KLF8 promotes proliferation by up-regulating cyclin D1 and down-regulating USP44 expression in the human ovarian cells. A-D, KLF8 up-regulates cyclin D1 and down-regulates USP44 expression. mRNA and whole cell lysates were prepared from T80 cells stably expressing empty vector (Mock) or KLF8 (KLF8) (lanes or columns 1 & 2) or T80 cells transiently expressing wild type (wtKLF8) or transactivation-defective mutant (mKLF8) for 48 h (lanes or columns 3 & 4), or the SKOV3ip1 cells transiently transfected with control siRNA (siCtrl) or siRNA against KLF8 (siKLF8) for 48 h (lanes or columns 5 & 6) for RT-PCR (A), qRT-PCR (B & C) or western blotting (D). E-H, Knockdown of cyclin D1 or re-expression of USP44 reverses the increased proliferation induced by KLF8 back to the Mock level.
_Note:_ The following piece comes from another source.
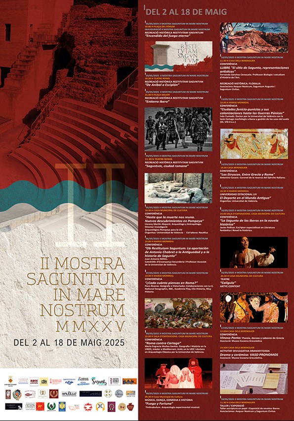 La programació té dos parts diferenciades. D'una banda, les jornades de recreació històrica “Restitvtam Sagvntvm”, del 2 al 4 de maig. Comptaran amb la presència de prop de 200 recreacionistes de fins a setze associacions procedents de tota Espanya. Els actes més destacats són el Encendido del fuego eterno, amb el qual s'obrirà la mostra el divendres 2 de maig a les 20 hores a la plaça del Fòrum Municipal.

T80 cells stably expressing KLF8 (KLF8) were transfected with non-targeting siRNA or siRNA against cyclin D1 for 72 h (lanes or columns 3 & 4, siCtrl & siCycD1) or with tet-on regulated USP44 vector for 24 h followed by induction of USP expression for 48 h (lanes or columns 5 & 6, USP44-U & USP44-I). A fraction of the cells were used for western blotting to confirm the cyclin D1 knockdown (A) and induced expression of USP44 (B). Two other fractions of the cells were used for analysis of cell proliferation (G) and BrdU incorporation (H), respectively. Mock and untreated KLF8 expressing T80 stable cells (lanes or columns 1 & 2, Mock & untreated) were included as controls. U, expression uninduced; I, expression induced. *P < 0.05.